Through the microscope: the lively art of decomposition, fermentation and transformation took place at the Calthorpe Community Garden in London Kings Cross. It was co-hosted by Ellie Doney, Hari Byles and Melissa Thompson from the Roving Microscope, who put together a public program of workshops introducing microscopes into community spaces in London, Rokiah Yaman and Katalin Patonay from LEAP micro AD, a cross sector partnership developing micro digesters for closed loop urban recycling systems based at Calthorpe garden, and me. Thank you to the Roving Microscope for securing support from the British Ecological Society and the East End Community Foundation, and the wonderful group of bacteria and compost curious people who joined us and made it a great day!
Heading towards an uncertain passage, dressed for decay, aware of the power and clarity that arise from the end of isolation. Trusting the unknown; look around, a certain impatience to get started, how more ready can we be?
We are many.
The Roving Microscope and LEAP Micro AD gathered us at the Calthorpe Community Garden for a fermentation workshop. Heaps of heaps and multitudes in jars met with talking heads and curious hands. We hand blended bokashi to make an anaerobic fermenting mix, folding in innoculants and food stuffs, lactic serum, molasses sweet tea and leaf mould from Bethnal Green Nature Reserve. We fed digestate slurry from the micro into the insulated composting bin where green waste goes into composting hyperdrive.

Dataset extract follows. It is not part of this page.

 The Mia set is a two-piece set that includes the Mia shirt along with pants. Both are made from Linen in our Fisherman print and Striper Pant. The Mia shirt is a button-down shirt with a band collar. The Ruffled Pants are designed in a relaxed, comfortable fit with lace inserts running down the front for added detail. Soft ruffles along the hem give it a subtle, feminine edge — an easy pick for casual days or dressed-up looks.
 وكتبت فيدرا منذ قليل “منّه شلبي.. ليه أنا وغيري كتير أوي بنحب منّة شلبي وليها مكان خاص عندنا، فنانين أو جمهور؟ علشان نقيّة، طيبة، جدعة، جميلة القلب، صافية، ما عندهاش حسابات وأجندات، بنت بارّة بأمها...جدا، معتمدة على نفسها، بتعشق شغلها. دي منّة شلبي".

We toasted microbial self–determination and the constant iterations of cultural transformation and microscopic free association. Living cultures emeshed with decaying ones, this is deliberate, boundaried rot ~ and it aims to rejuvenate.
I took a tupperwear of bokashi home and made round squishy moist balls, tied them with string and hung them up in the understairs cupboard. I forgot about them and they grew an impressive concentric fuzzy white mould casing.

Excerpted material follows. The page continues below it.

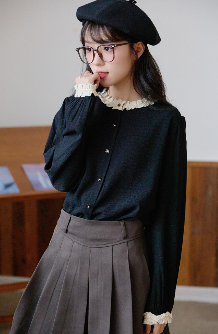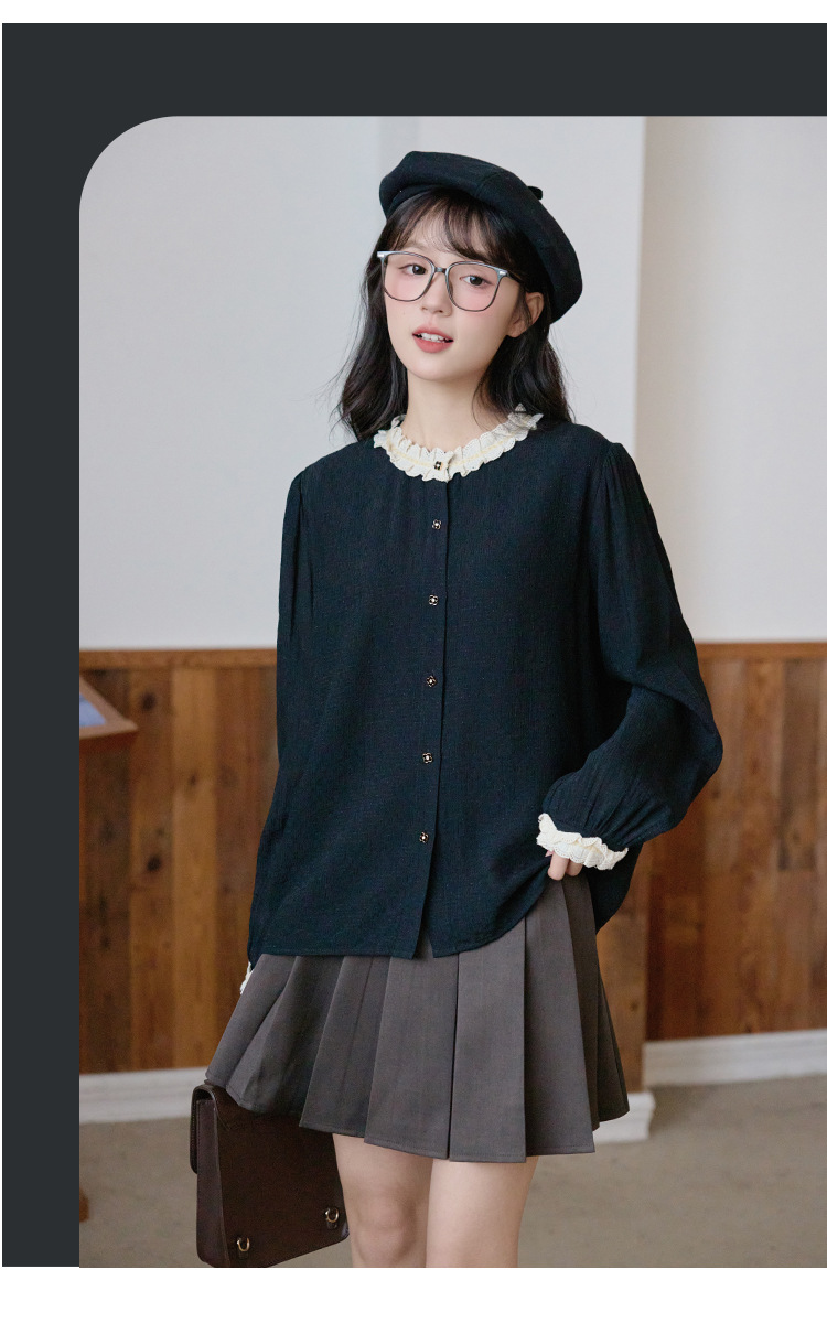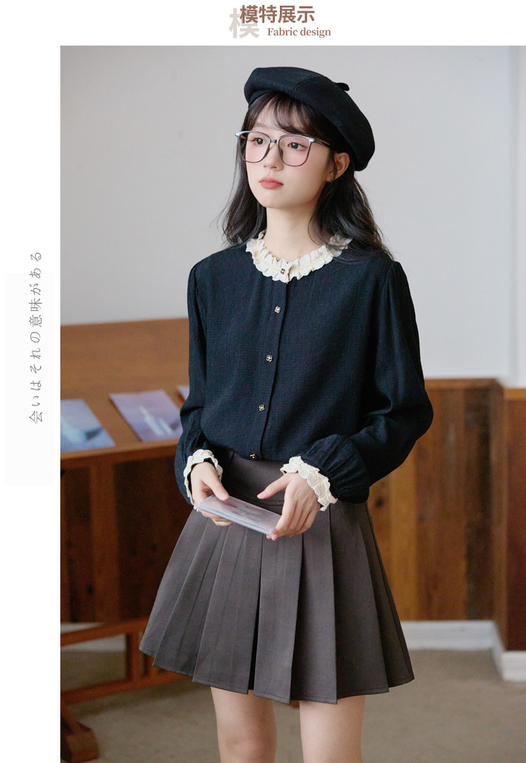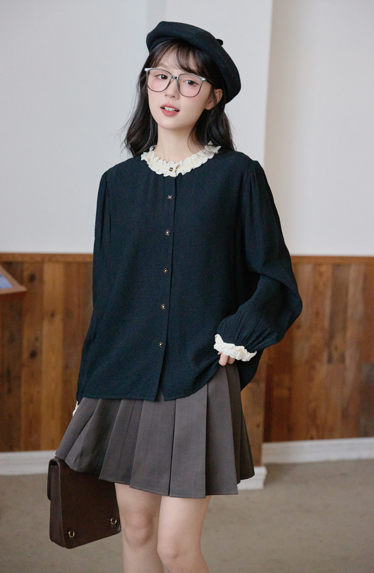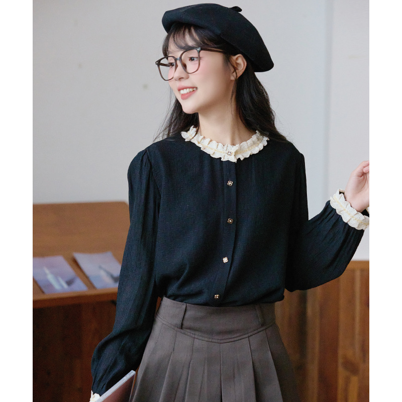 봄 2025 새로운 프랑스 스타일 우아한 작은 골드 버튼 블랙 레이스 대조 크루 넥 디자인 긴 소매 셔츠

White mould good, black mould bad.
First you, then me.
The ongoingness of life is coupled with the inevitability of deterioration, the new world constantly emerging from the decline of the old one… We can do things to enhance this decomposition, build insulated compost heaps and anaerobic digesters, or slow it down with chemical preservatives and packaging but we cannot stop the rot from happening, we cannot interrupt this drive to free up space. This tangible truth about the dance of life being the dance of decay is possibly my favourite contagion spread through fermentation workshops.
As the myth of the world-making human made in it’s own image is unmade, the response – ability of ideas to emerge, spread and mutate is threaded in its place. We wanted to dive into the microscapes of of everything – wormery juice, kefir, saurkraut, anaerobic digestate, food scraps juice, saliva, nail grit, scar tissue. We live with rotting aspects of our selves, in our lives; fermentation can be a praxis of whole – ing or becoming whole, where striving for stability and form can literally be broken down to reveal empty spaces and new possibilities for wholeness.
If you were less invisible would you be more understood?
First me, then you.
This is part of ROT, a section of The Learned Pig exploring multispecies creativity through modest tales of collaboration and coexistence amidst world-ending violence and disorder. ROT is conceived and edited by Julia Cavicchi.